La gran enfermera rumana, que había agarrado tan fuerte a Simona por el brazo que le habían salido cardenales, estaba de pie, con los brazos cruzados frente a la puerta, observando cómo bebía.

– Se me ha caído fuera.

– Iré a buscarlo más tarde -replicó ella.

Simona se sintió un poco mejor al oír aquello y asintió en agradecimiento. Se quedó mirando el vaso y luego volvió a mirar a la mujer.

– Por favor, ¿pueden darme algo de comer? -preguntó por tercera vez en el cuarto de hora que llevaba allí-. ¿Lo que sea?

– Bebe -ordenó la mujer.

Simona obedeció y bebió un poco más. Quizá cuando se acabara el segundo vaso le darían algo de comer, y la mujer iría a buscar a Gogu.

– ¿Qué tipo de trabajo haré aquí? -preguntó.

La enfermera frunció el ceño.

– ¿Trabajo? ¿Qué tipo de trabajo?

Simona sonrió, fantaseando.

– ¡A mí me gustaría trabajar detrás de una barra! -dijo-.

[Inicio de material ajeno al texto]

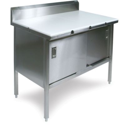 Type 300 stainless steel. 16-gauge stainless steel base and doors. 3/4" thick high density polyethylene top. Completely sanitary. Poly top is sectioned per NSF regulation. Four 1 1/2" square edge legs with adjustable bullet feet. Under shelf is 14 7/8" above the floor. Sliding doors with recessed handle slide on nylon roller bearing glides. NSF listed. All-welded. Read More..
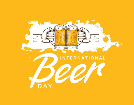International Beer Day illustration vector design with hand holding mug of beer isolated on orange background can be use for party, celebration and festival
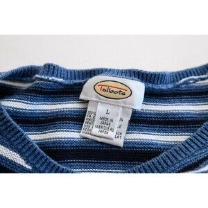 The Vintage Talbots blue striped cotton short sleeve sweater is a stylish and comfortable pullover for women. Made of breathable cotton knit, this sweater features a classic round neck and long sleeves, making it perfect for casual occasions. The size L and blue color add a touch of classic style to any outfit, while the Talbots brand ensures quality and durability. Perfect for layering or wearing on its own, this sweater is a versatile addition to any wardrobe.
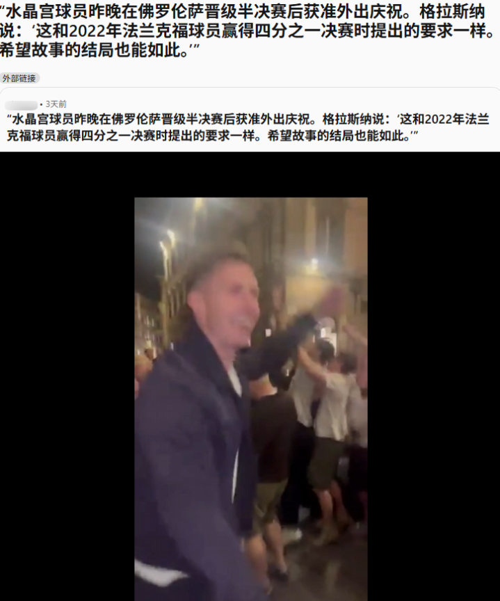 没问题。但放在比赛解读里,就有问题了。看到新闻,格拉斯纳允许球员在佛罗伦萨赛后出去放松庆祝;还有视频流出来,球员在街头心情很好,氛围很松。
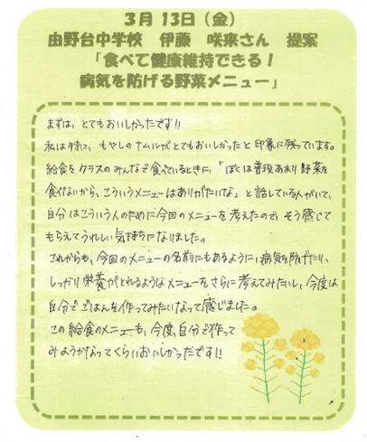 由野台中学校1年伊藤さんの提案献立が登場です。健康を維持できるように野菜を重視し、野菜が苦手な人も食べられるような献立を考えてくれました。野菜がたくさん使われていてビタミン豊富。たんぱく質やカルシウなど他の栄養も考えられた献立です。
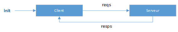 où nous supposons que next est une fonction qui, à partir d'une réponse du serveur, détermine la requête suivante, et process est une fonction traitant une requête du client, renvoyant une réponse appropriée.
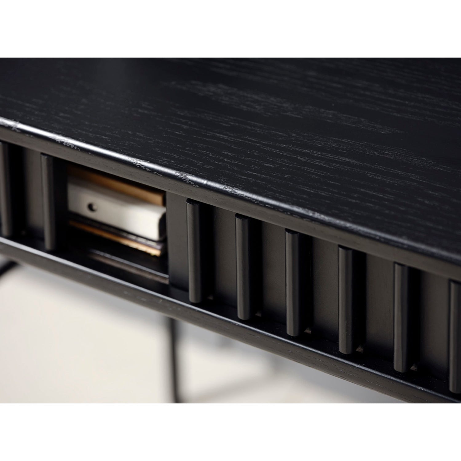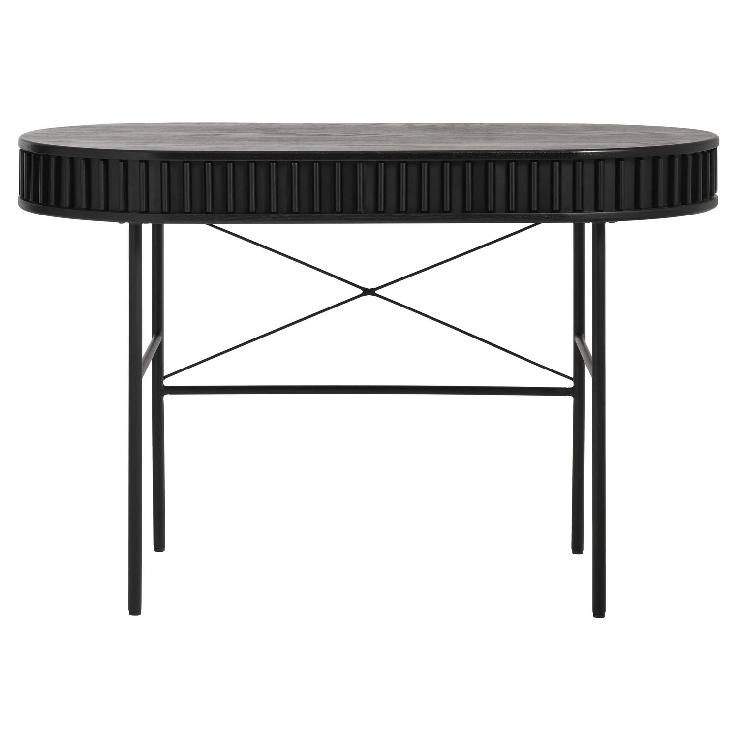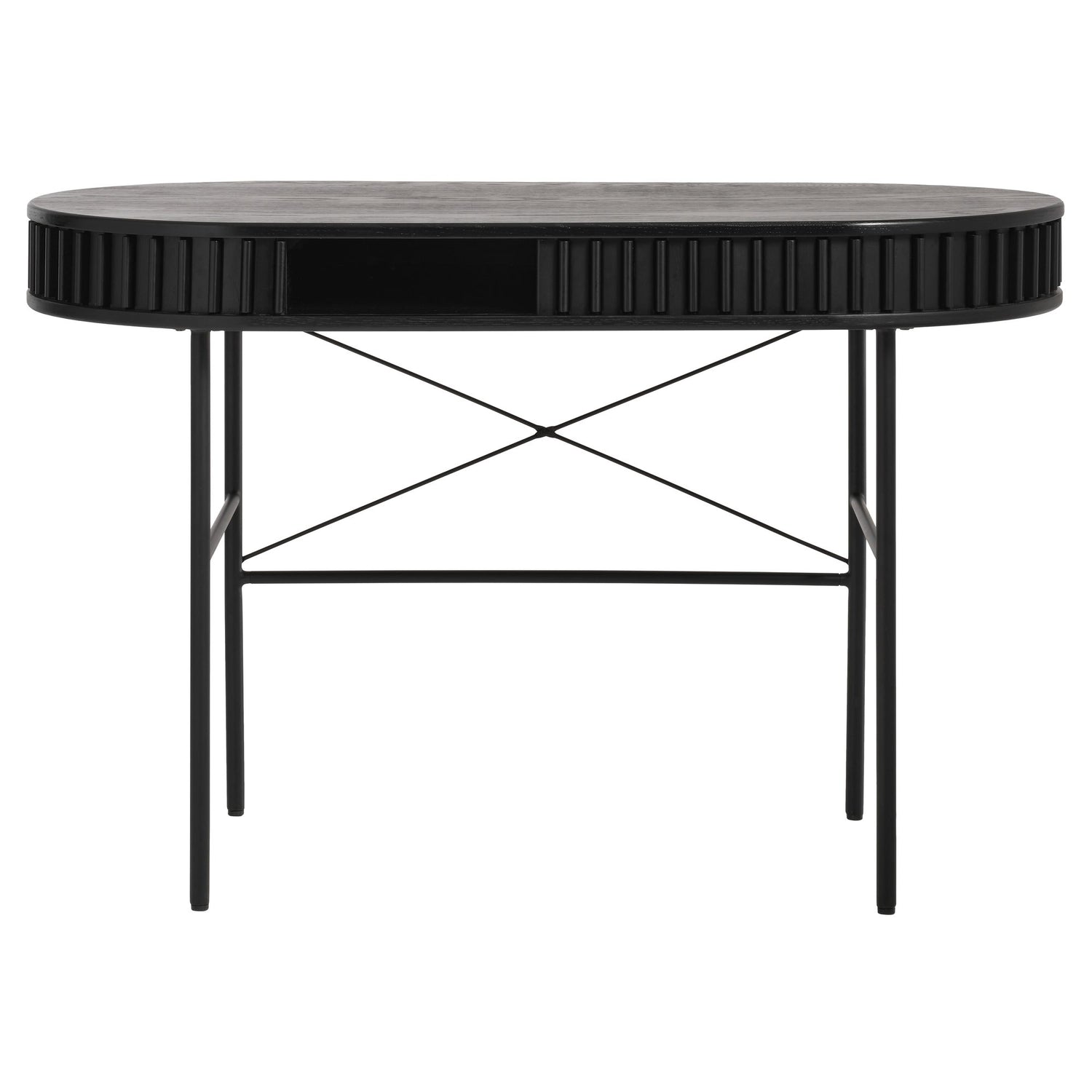 Audrey är skrivbordet som gör hemmakontoret lika stilrent som funktionellt. Den ovala skivan i svartpigmenterat ekfanér ramas in av en diskret räfflad kant som ger ett skulpturalt uttryck utan att ta plats. Det slanka metallstativet med krysstag ger stabilitet och lämnar gott om benutrymme. Med 60 cm djup och 120 cm bredd får du en arbetsyta som rymmer laptop, skärm och anteckningar, perfekt för fokuserat arbete i mindre rum.

Me gustaría aprender a preparar bebidas. Ya sabe, bebidas elegantes. ¿Cómo les llaman? ¡Cócteles! Creo que ése sería un buen trabajo, preparar bebidas y hablar con la gente. Seguro que en este hotel tienen un bonito bar, ¿verdad? -Al ver que la enfermera seguía frunciendo el ceño se apresuró a añadir-: Pero, por supuesto, no me importa el tipo de trabajo. Cualquier cosa. Podría limpiar. No me importa limpiar. Estoy contenta de estar aquí. ¡Y estaré aún más contenta cuando llegue Romeo! ¿Cree que será pronto?

– Bebe -respondió la mujer.

Simona apuró el vaso. Luego se quedó sentada en silencio, con la mujer allí de pie, cruzada de brazos, como un centinela.

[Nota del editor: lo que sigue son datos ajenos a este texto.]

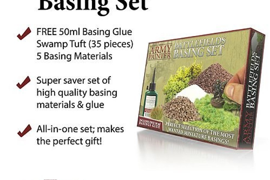 This amazing set has been designed to give the wargamer a “one box fits all” for you miniature bases. Includes all the basic basing materials you need to make any base for your miniatures. It also includes a free 50ml Battlefields Basing Glue as well as the Army Painter Technique Painting Guide.
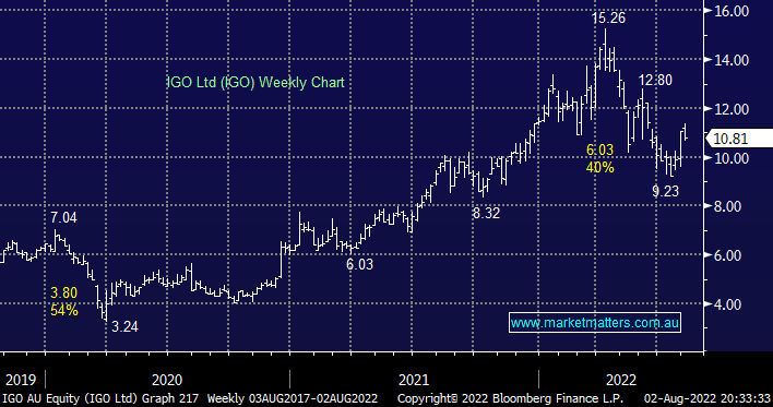 IGO hosted a very well-attended site visit over the weekend, particularly by Fund Managers which is not surprising considering this miner ticks the ESG mandates of many a manager through its nickel & lithium exposure i.e. prominent battery elements. As a holder and supporter of IGO let’s hope it wasn’t because they’re all long and keen to check on their investment – stocks need new buyers to go up!
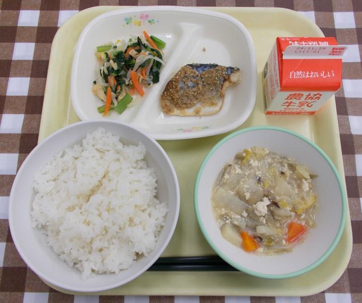 ごはん、さばのごまみそ焼き、青菜の和えもの、みそけんちん、牛乳
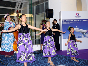 出発ゲートでもセレモニーが行われました。セレネーダーズの演奏で4人の可愛いケイキ(子ども)・フラ・ダンサーが元気いっぱいにフラを披露します。マーク・ダンカリー氏の力強い挨拶、カフのブレッシングが行われ、ホノルルと同じく、羽田空港のゲートでも、マイレ・レイが解かれました。さあ、これで安心。いよいよ出発です。 「アロハ」 顔いっぱいの美しい笑顔に迎えられて機内へ。さっそく席に着くと、アイマスクと耳栓の入ったパッケージが配られました。静かに眠りたい人には何よりのサービスですね。チェックイン・カウンターで配られたステッカーも便利です。「起こさないで下さい」、「免税品販売の際は起こしてください」、「食事サービスの際は起こしてください」と、3色のステッカーがもらえますので、状況に応じて目立つところに貼ることができます。何も食べずにずっと寝ていたい人などには、とても嬉しいサービスですよね。
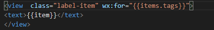 <view class="label-item"> <text wx:for="{{items.tags}}">{{item}}</text> </view>
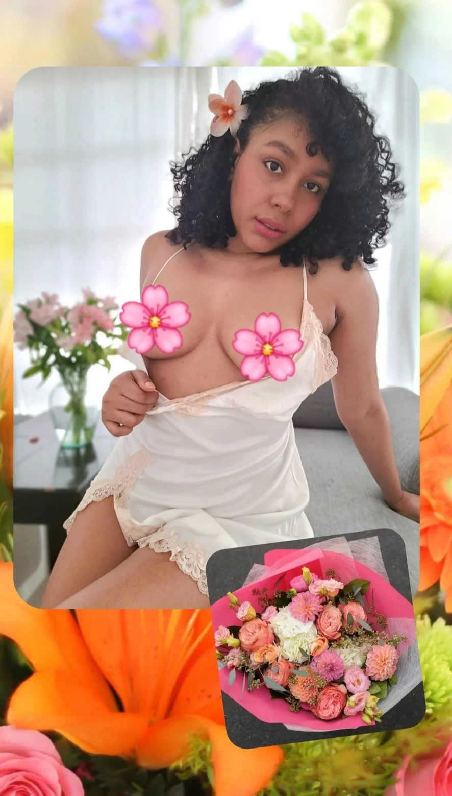 I've prepared a special set where flowers are my only accessory... Want to see how they adorn me? 🌹
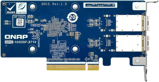 QXG-10G2SF-X710 Enhance your workflow by installing the QXG-10G2SF-X710 2-Port 10G SFP+ PCIe 3.0 Network Adapter Card into your compatible QNAP NAS or desktop computer system. By using separately purchased transceivers, each of the two SFP+ slots can reach up to 10 Gb/s speeds, allowing photographers and videographers to quickly share and transfer footage. This network adapter card fits into an available PCIe 3.0 x8 slot. Both slots may be combined with SMB multichannel or port trunking for 20 Gb/s speeds with compatible devices. The adapter has a low-profile bracket attached with a full-height bracket included alongside a specialized bracket for select QNAP devices. Key Features 2 x 10G SFP+ Slots Up to 20 Gb/s Total Throughput PCIe 3.0 x8 Connection Includes Various Brackets Windows 11 & Linux Support
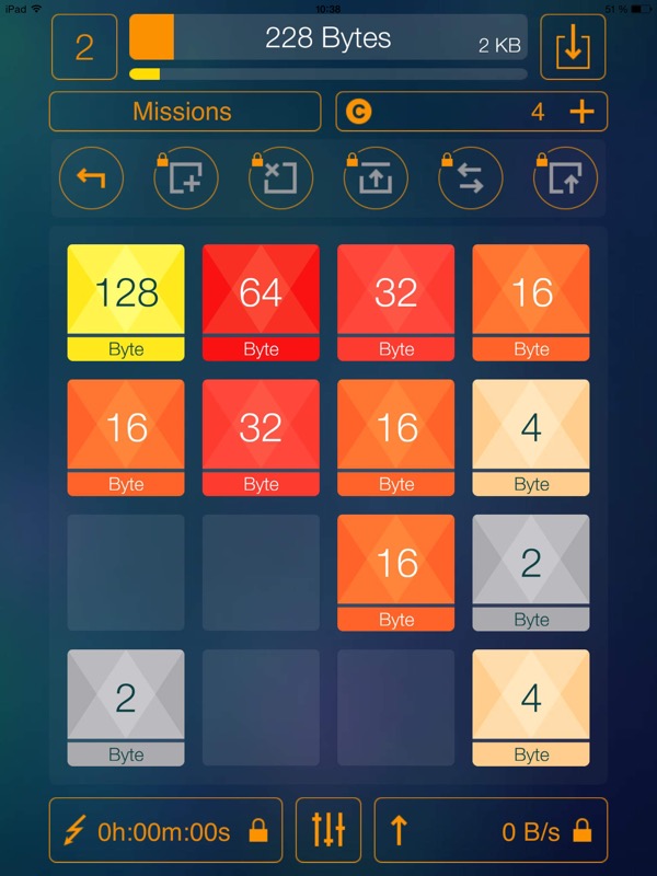 Wie der Titel der App bereits vermuten lässt, bewegt sich Byte Master in der Welt des Speichers. Genau wie beim Zahlenspiel-Klassiker Threes müssen auch hier gleiche Zahlen durch Verschieben auf einem Spielfeld zusammengefügt werden, um so immer höhere Zahlenwerte kreieren zu können – mit dem Unterschied, dass sich hier alles um Bytes, Kilobytes und Megabytes dreht.

Unos minutos más tarde, Simona de pronto empezó a adormilarse. De pronto se mareó y no conseguía fijar la vista en la mujer. Ni en las paredes ni en los estantes. Eran imágenes que pasaban frente a sus ojos rápido, cada vez más rápido.

La enfermera permaneció impasible, viendo cómo a Simona se le cerraban los ojos y caía de lado sobre el suelo, donde quedó inmóvil, respirando con fuerza.

Entonces se cargó a la niña al hombro, la trasladó unos metros por el pasillo hasta la pequeña sala preoperatoria y la colocó sobre la camilla de acero. Luego le quitó toda la ropa, comprobando si Simona llevaba algo de valor. A veces, las ratas callejeras como aquella niña ocultaban objetos robados en sus cuerpos, con la esperanza de venderlos en Inglaterra.

Poniéndose un guante de goma a toda prisa, antes de que llegara nadie más, buscó en el interior de la boca de la niña; luego tanteó cuidadosamente en la vagina y en el ano. ¡Nada! ¡Zorrilla inútil!

A continuación llamó por el intercomunicador al anestesista y le dijo, disimulando a duras penas su indignación, que la niña estaba lista.